Prince Harry lost a legal challenge on Tuesday of his petition to pay for police protection in Britain, days after he and his wife, Meghan, were caught in a much-disputed confrontation with photographers in New York City.
In the case, the High Court in London rejected Harry’s request for a judicial review of a decision by the Home Office to reject his application to pay privately for protection from the Metropolitan Police when he and his family visit Britain. Lawyers for the Home Office argued that it was improper for police officers, in effect, to be hired out as private security guards.
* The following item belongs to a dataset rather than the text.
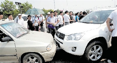 “兩車相撞后,豐田車司機(jī)跳下來,大聲對我說,他在洛陽報(bào)警多次,說他家里有毒品,可洛陽警方一直不理他。他跑到鄭州,找公安廳找不到,就在這里撞車。”

Lawyers for Harry, also known as the Duke of Sussex, had argued that he and his family needed that level of protection when visiting from the United States, where he now lives, and that the prince was willing to pay for it out of his own pocket.
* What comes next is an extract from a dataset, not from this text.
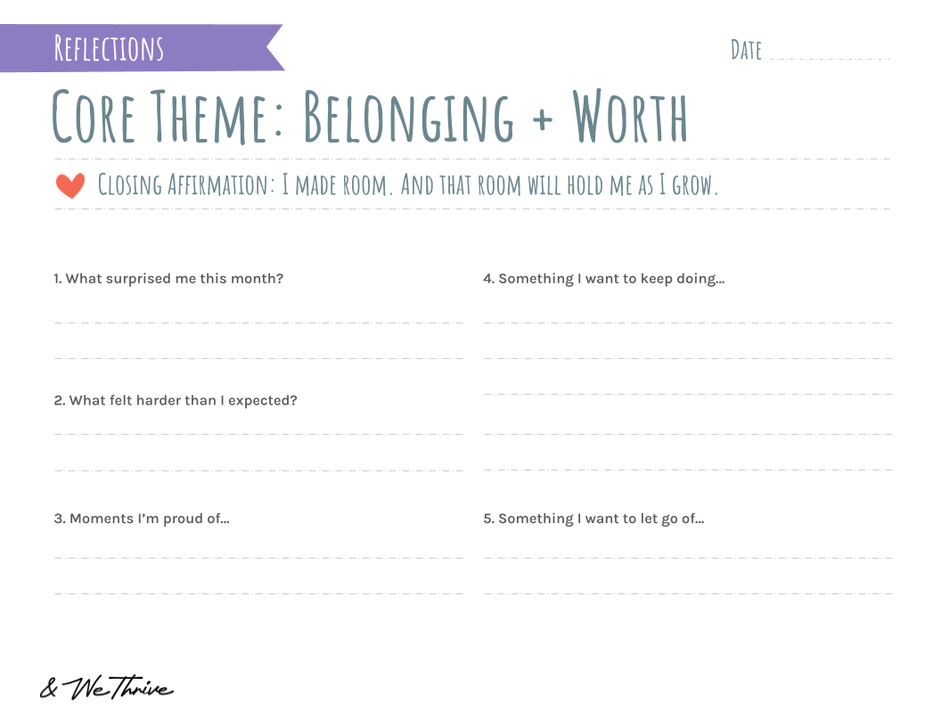 Belonging + Worth is a 4-week guided healing calendar designed to help you gently examine the roots of self-doubt and rebuild a sense of worth that isn’t tied to performance, approval, or productivity.

Harry lost his automatic police protection when he and Meghan stepped back from their duties as working members of the royal family in 2020.
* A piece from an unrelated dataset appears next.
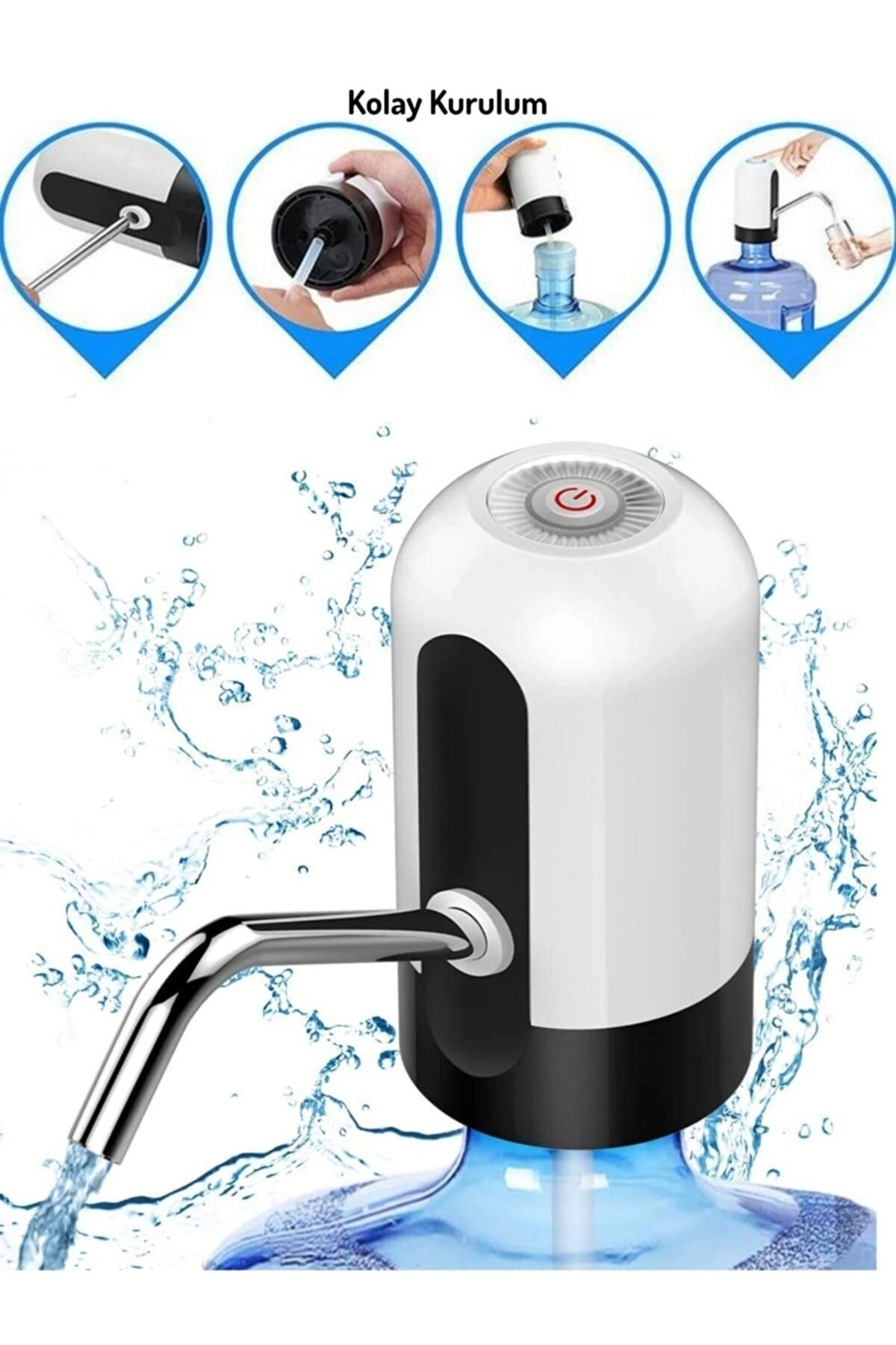 Şarj edilebilir özelliği sayesinde, elektrik prizine ihtiyaç duymadan istediğiniz her yerde suyunuzu kolayca pompalayabilirsiniz; Otomatik damacana pompası, suyun damacanaya akışını kontrol ederek suyun eşit ve düzenli bir şekilde dağılmasını sağlar; Şarjlı yapısı ile taşınabilirliği artırır ve hareket halindeyken bile su ihtiyacınızı karşılayabilirsiniz; Pratik kullanım sunan bu ürün, günlük su tüketiminizi kolaylaştırarak zamandan tasarruf etmenizi sağlar;

The decision is a setback for Harry at a time when his security has come under heightened scrutiny. Last week, he and Meghan, along with Meghan’s mother, Doria Ragland, were swarmed by photographers after they left an award ceremony in Midtown Manhattan. What happened after that is the subject of sharply conflicting accounts.
A spokeswoman for the couple described a “a near catastrophic car chase at the hands of a ring of highly aggressive paparazzi.” But a taxi driver who briefly transported the three said that there had been no car chase and no reason for his passengers to be frightened, even though he acknowledged that they appeared to have been alarmed.
A spokesman for the New York Police Department said that the photographers had posed a challenge but added that the three had arrived at their destination on the Upper East Side without “reported collisions, summonses, injuries, or arrests.”
Traveling in Britain poses a particular security challenge to Harry and Meghan because their private security guards are not allowed to carry guns.
As a working royal, the prince said that he never traveled without three armed bodyguards. During negotiations with palace officials over his new status, Harry wrote in his memoir, “Spare,” he pleaded for the bodyguards to be left in place, even if he lost all the other royal perks.
“I offered to defray the cost of security out of my own pocket,” he wrote. “I wasn’t sure how I’d do that, but I’d find a way.”